From the line containing "Inside, the camper" to the end of the data, retype every line exactly and nothing else. Drop the pictures.

(Supplied material begins)

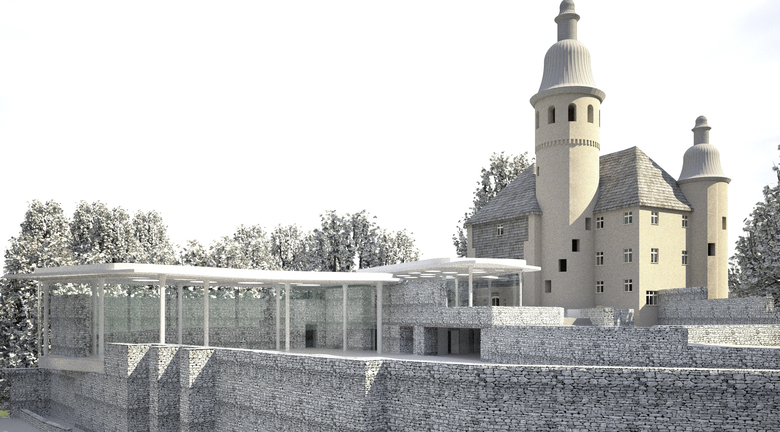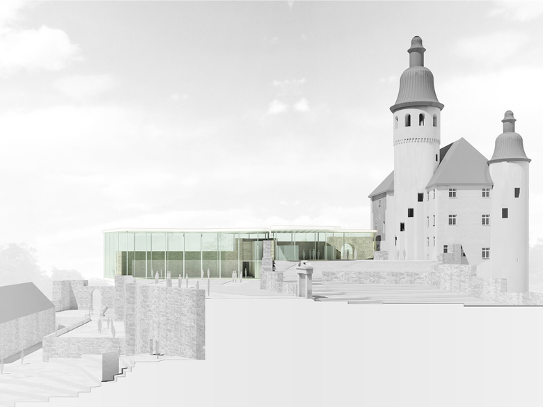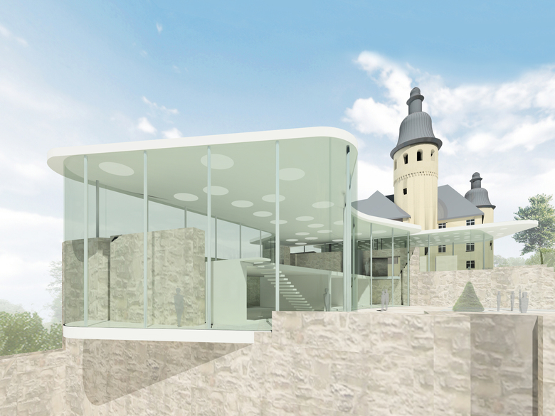 Der oberbergische Kreis beabsichtigt durch Neubauten das seit Jahren bestehende Raumdefizit des Museums Schloss Homburg zu beseitigen und die Präsentation innerhalb der Gesamtanlage zu verbessern. Zu der eher zufällig entstandenen Bestandssituation des Schloss Homburg mit seinen zerklüfteten Mauerresten sowie den daran angelehnten historischen Häusern gesellt sich ein Ensemble aus ZWEI PAVILLONS mit eigenständiger Architektursprache, die die Zuordnung der Neubauten am Beginn des digitalen Zeitalters historisch präzise einordnet.
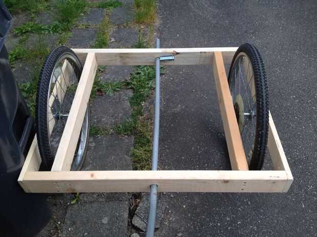 este acoplado de la bici puede ser utilizado para transporte de materiales pesados o muy largos. También puede ser utilizado como carretilla de mano.Después de 2 años de uso, el enganche, los postes de conexión y los rodamientos se modificaron que ha
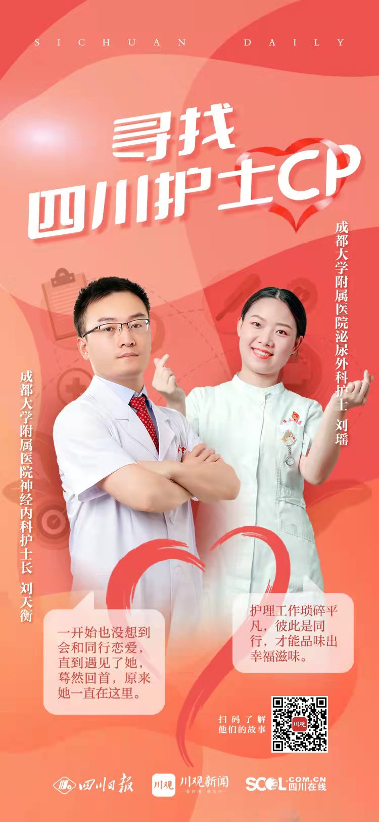 在成都大学附属医院工作的泌尿外科护士刘瑶,是刘天衡的妻子。她则表示,“护理工作繁忙琐碎,因为彼此都是同行,更能相互理解和支持,还能衍生更多合作,在生活和工作中收获了双份依靠。”
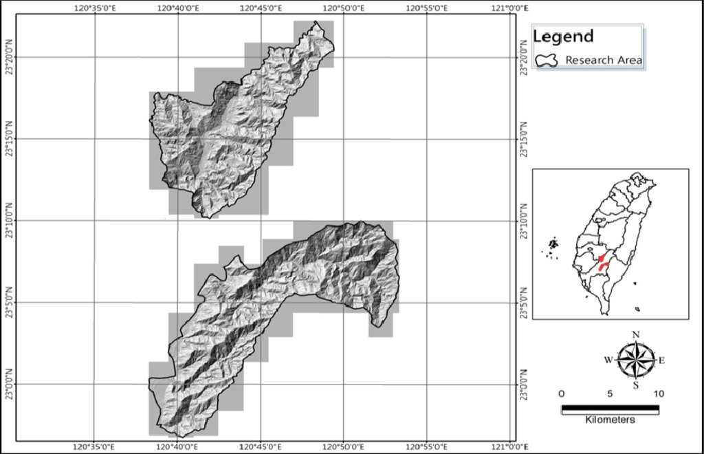 The geographic location and digital topographic map of the Namasha and Liuoguey areas are illustrated in Figure 5. In the figure, the northwest part represents the Namasha area and the southeast part represents the Liuoguey area, both of which are located in Kaohsiung City.
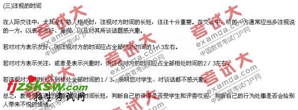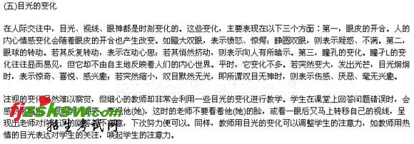 (4)盯视,即目不转睛,长时间地凝视某人的某一部位。师生在交谈中,应注视对方的眼睛或脸部,以示尊重别人,但是,当双方缄默无语时,就不要再一直看着对方的脸。因为双方无话题时,本来就有一种冷漠、踌躇不安的感觉。如果此时您注视学生,势必使对方显得更尴尬。
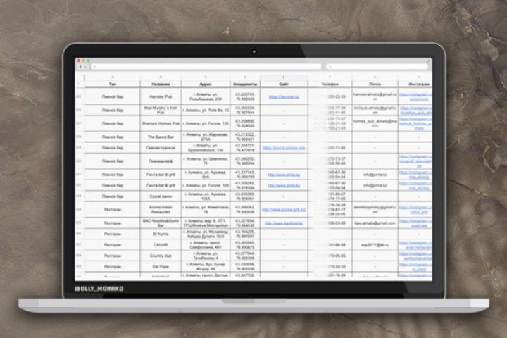 Ручной сбор базы продуктовых магазинов, аптек, фитнес-центров, развлекательных центров, кинотеатров, магазинов здорового питания, АЗС, кинотеатров, детских развлекательных центров, пивных баров, ресторанов, отелей по г. Алматы и Алматинской обл. (до 100 км).
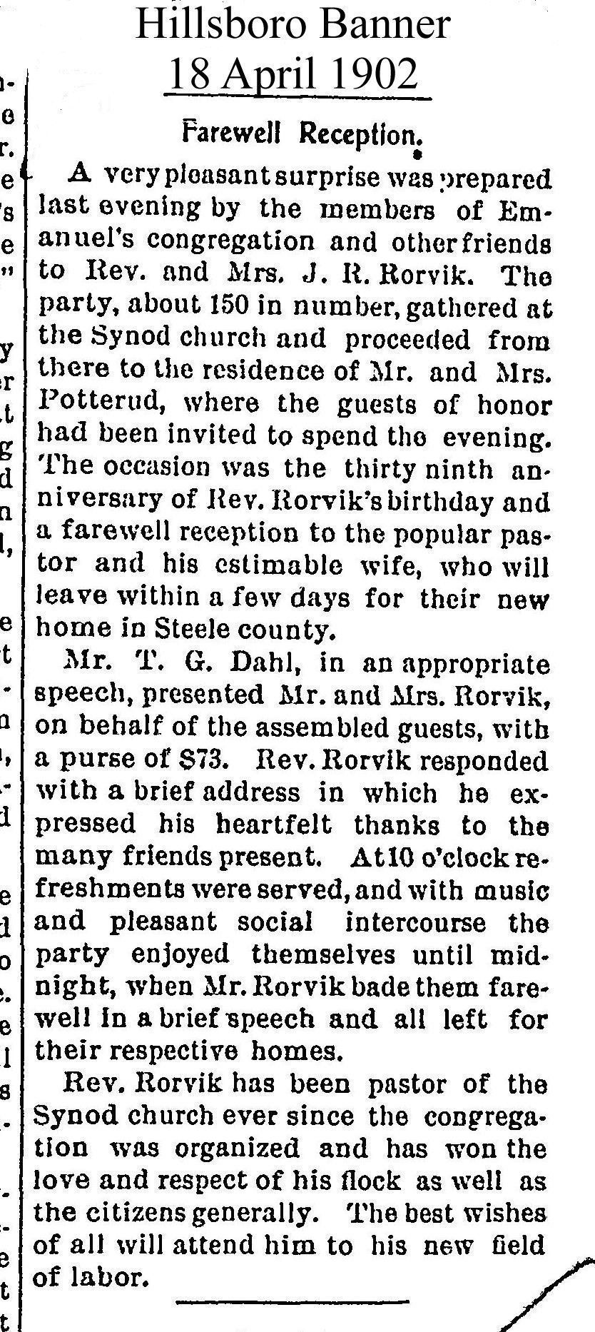 Rev. J. R. Rorvik - First Pastor of Synod Lutheran Church (now Our Savior's Lutheran Church, Hillsboro, ND). Rev. Rorvik served until 1902, when he and wife moved to serve a church in Steele County, ND.Cataloged By
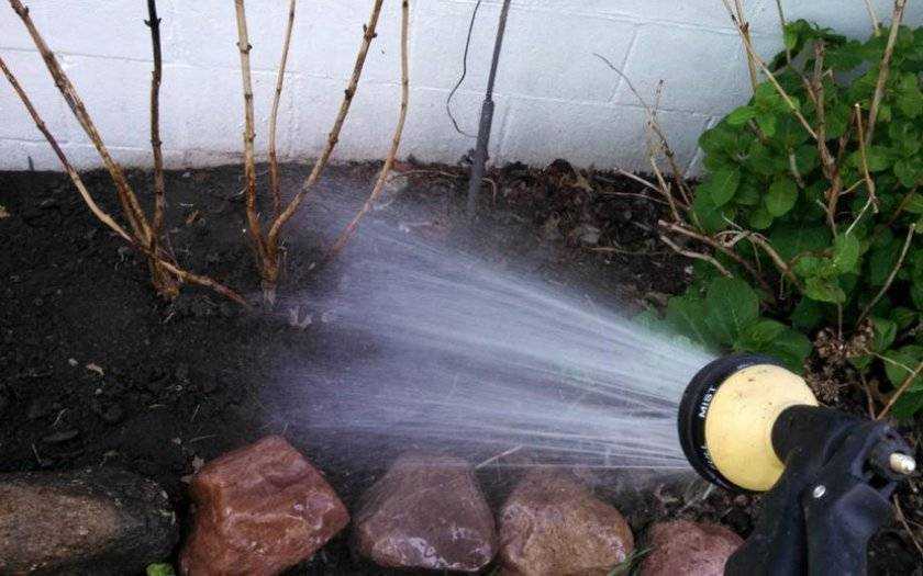 Полив осуществляется регулярно. Растение довольно сильно любит влагу, но излишняя сырость способна привести к болезни корневой системы. В засушливую погоду поливать кустарники необходимо не менее 2-3 раз в неделю. Воду для полива лучше использовать отстоянную и не холодную. Поливают, как правило, в утреннее время до восхода солнца. Необходимо стараться направлять струю воды строго в лунку и не попадать на листья и цветы, иначе они могут с появлением солнечных лучей получить ожоги. Если почва мульчированная, то не составит труда ее периодически взрыхлять, а вот открытый грунт может при засушливой погоде взяться коркой и потрескаться, чего стоит избегать.
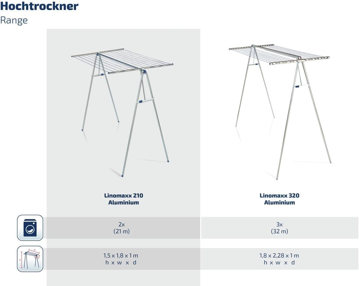 - Praktischer Lieferumfang - Leifheit Hochtrockner Linomaxx 210 mit 21 m Wäscheleine, Wäschehänger-Höhe: 150 cm, Masse des Leinenaufsatzes: 150 cm x 100 cm, Artikelnummer 72706
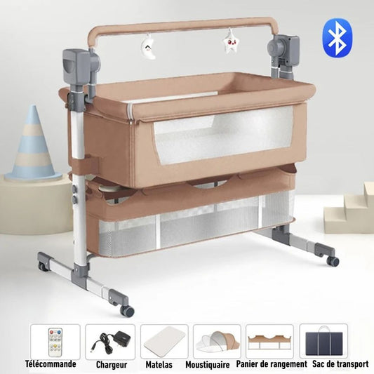 Découvrez notre gamme complète de lits cododo, conçus pour offrir proximité et sécurité aux jeunes parents et leurs bébés. Ces berceaux s'installent contre le lit parental, facilitant l'allaitement et les soins nocturnes. Disponibles en versions électriques avec bercement automatique, bluetooth, musique intégrée et hauteur ajustable, nos modèles s'adaptent à tous les besoins. Une solution idéale pour un sommeil paisible dès la naissance.
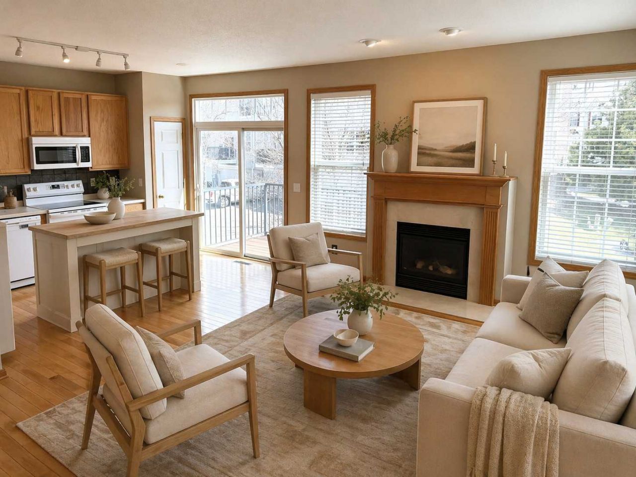 Welcome to this bright and spacious end unit townhome in one of Apple Valley's most sought-after neighborhoods! This move-in ready gem features fresh paint throughout, brand new carpet, and an open concept layout with stunning hardwood floors, tile backsplash, and a cozy gas fireplace in the kitchen. Step out onto your private balcony, perfect for morning coffee or evening relaxation.The upper level offers three bedrooms including a massive owners suite with walk in closet and private bath with soaking tub and separate shower, while the lower level den can easily be converted to a fourth bedroom with its own private bath. The oversized attached two-car garage provides excellent storage and parking. All appliances included, as well as washer, dryer, and water softener.Association amenities include an in-ground pool, kiddie pool, and beautiful green space and park areas. Conveniently located near top schools, shopping, dining, and easy highway access.This beautifully maintained townhome is move in ready and has it all.
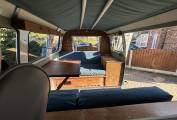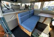 Inside, the camper is thoughtfully configured as a four-berth setup, providing ample sleeping space for family or friends. The well-designed interior offers a cozy yet functional living area, ensuring comfort while on the road. Despite its vintage appeal, modern enhancements make it a practical choice for today's adventurers.
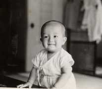 昭和30年7月、誕生日前。 乳児期は今流行のちりちりヘア(天然パーマ)だったので、坊主頭にされたそうです。 その後は普通のさらさらヘアになりました・・・
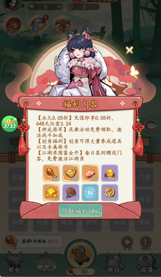 全服永久生效的0.05折充值特权,648元豪礼实付仅3.24元,省下的不是数字,是更多闯荡时间。
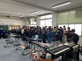 6年生はスマイル班で5年生にバトンを渡した後、音楽室で6年生を送る会とファイナルコンサートに向けて猛練習中です。
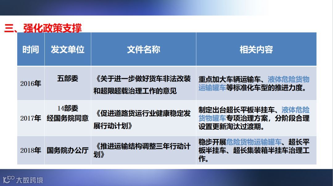 到现在还有一些不达标的罐车,从生产厂家涌入到运输市场,给市场管理造成了很大的隐患,所以我们需要解决这个问题。2016年,2017年,2018年的文件里面,都对罐车治理提出了要求,2016年的时候提出加大危险货物运输罐车的标准化车型的推进力度,2017年在交通运输部等14个部门,联合发布的促进道路行业健康稳定发展行动计划里面明确要制定出台液体危险货物罐车专项治理方案,分阶段合理设置更新淘汰过度期。

(Supplied material ends)

Finished exercise:
 Inside, the camper is thoughtfully configured as a four-berth setup, providing ample sleeping space for family or friends. The well-designed interior offers a cozy yet functional living area, ensuring comfort while on the road. Despite its vintage appeal, modern enhancements make it a practical choice for today's adventurers.
 昭和30年7月、誕生日前。 乳児期は今流行のちりちりヘア(天然パーマ)だったので、坊主頭にされたそうです。 その後は普通のさらさらヘアになりました・・・
 全服永久生效的0.05折充值特权,648元豪礼实付仅3.24元,省下的不是数字,是更多闯荡时间。
 6年生はスマイル班で5年生にバトンを渡した後、音楽室で6年生を送る会とファイナルコンサートに向けて猛練習中です。
 到现在还有一些不达标的罐车,从生产厂家涌入到运输市场,给市场管理造成了很大的隐患,所以我们需要解决这个问题。2016年,2017年,2018年的文件里面,都对罐车治理提出了要求,2016年的时候提出加大危险货物运输罐车的标准化车型的推进力度,2017年在交通运输部等14个部门,联合发布的促进道路行业健康稳定发展行动计划里面明确要制定出台液体危险货物罐车专项治理方案,分阶段合理设置更新淘汰过度期。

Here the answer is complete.